**Collected data**
● ● ● ● ●
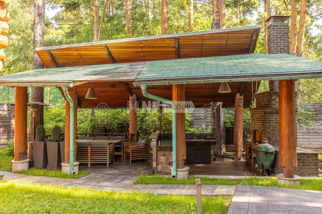 Выполнено благоустройство, разбит сад и дорожки, осуществлены уличные подсветки. Подведены все коммуникации. На территории имеется двухэтажная уникальная баня: сруб из цельных бревен сибирского кедра. На участке разбита беседка, имеется терраса из кухни. Завершается строительство крытой беседки с барбекю. На участке оборудован гараж на две машины с комнатой охраны / водителя и апартаменты для обслуживающего персонала. Баня из цельного сибирского кедрового бруса с печью Mironoff мелко дисперсного пара, двумя зонами отдыха, купелью и столом для мыльного массажа это изюминка данного домовладения!
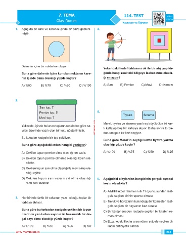 Buna göre dairenin içine konulan noktanın kare- ğında hangi renkteki bölgeye isabet etme olasılı-
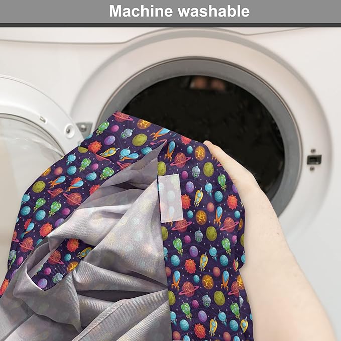 Lunarable Outer Space Dog Crate Cover, Cartoon Planets and Ships With Background, Fun Science, Easy to Use Pet Kennel Cover for Cats & Medium Dogs, 30 Inch, Dark Blue
● ● ● ● ●
**Problem details**
Produce a verbatim transcription of every line in the listing, images omitted.

**Exercise output**
 Выполнено благоустройство, разбит сад и дорожки, осуществлены уличные подсветки. Подведены все коммуникации. На территории имеется двухэтажная уникальная баня: сруб из цельных бревен сибирского кедра. На участке разбита беседка, имеется терраса из кухни. Завершается строительство крытой беседки с барбекю. На участке оборудован гараж на две машины с комнатой охраны / водителя и апартаменты для обслуживающего персонала. Баня из цельного сибирского кедрового бруса с печью Mironoff мелко дисперсного пара, двумя зонами отдыха, купелью и столом для мыльного массажа это изюминка данного домовладения!
 Buna göre dairenin içine konulan noktanın kare- ğında hangi renkteki bölgeye isabet etme olasılı-
 Lunarable Outer Space Dog Crate Cover, Cartoon Planets and Ships With Background, Fun Science, Easy to Use Pet Kennel Cover for Cats & Medium Dogs, 30 Inch, Dark Blue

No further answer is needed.